> Work order
Would you output the lines from the one with "বিক্ষোভ সমাবেশে প্রভাষক" through the last line of the material below, exactly, but without pictures?

> Recorded data
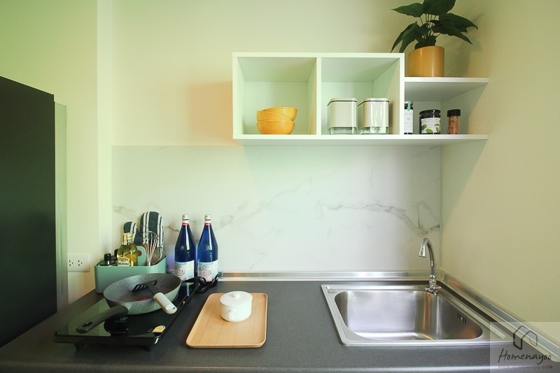 บน Top เคาน์เตอร์ปิดผิวด้วยเมลามีน กันน้ำกันรอยขีดข่วนได้ดี มีอ่างล้างจานขนาด 1 หลุมติดตั้งมาให้ พร้อมกับติด Backsplash ที่ผนังด้านหลัง แล้วยังเหลือพื้นที่ในการเตรียมอาหารอีกพอสมควร ครัวนี้เหมาะสำหรับการเตรียมอาหารเบา ๆ นะคะ แต่สำหรับคนที่ชอบทำอาหาร ก็ยังเหลือพื้นที่ให้สำหรับวางเตาไฟฟ้าได้
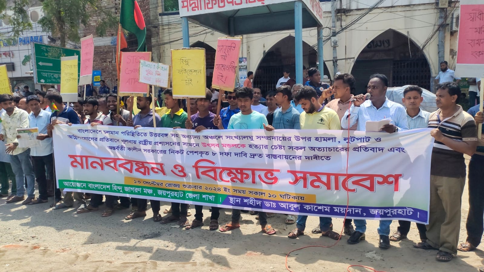 বিক্ষোভ সমাবেশে প্রভাষক গোবিন্দ কুমার বাঁশফোর এর সভাপতিত্বে বক্তব্য দেন, হিন্দু জাগরণ মঞ্চ জয়পুরহাট জেলা শাখার সমন্বয়ক সাংবাদিক চৈতন্য চ্যাটার্জী, এ্যাড. রনেশ চন্দ্র সাহা, সমাজ সেবক সুবাস চন্দ্র দাস, প্রনব চন্দ্র রায়, শিক্ষক লিপি রানী শীল, রবিন হরিজন, কল্যান চন্দ্র মন্ডল, অন্তর বর্মন, কৌশিক চন্দ্র রায়, উৎপল চক্রবর্তি, শিক্ষার্থী সয়ন কুমার মন্ডলসহ অন্যান্যরা।
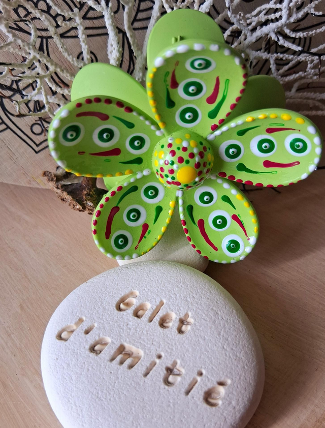 Pince à cheveux fleurs mandala verte

> Solution to the problem
 বিক্ষোভ সমাবেশে প্রভাষক গোবিন্দ কুমার বাঁশফোর এর সভাপতিত্বে বক্তব্য দেন, হিন্দু জাগরণ মঞ্চ জয়পুরহাট জেলা শাখার সমন্বয়ক সাংবাদিক চৈতন্য চ্যাটার্জী, এ্যাড. রনেশ চন্দ্র সাহা, সমাজ সেবক সুবাস চন্দ্র দাস, প্রনব চন্দ্র রায়, শিক্ষক লিপি রানী শীল, রবিন হরিজন, কল্যান চন্দ্র মন্ডল, অন্তর বর্মন, কৌশিক চন্দ্র রায়, উৎপল চক্রবর্তি, শিক্ষার্থী সয়ন কুমার মন্ডলসহ অন্যান্যরা।
 Pince à cheveux fleurs mandala verte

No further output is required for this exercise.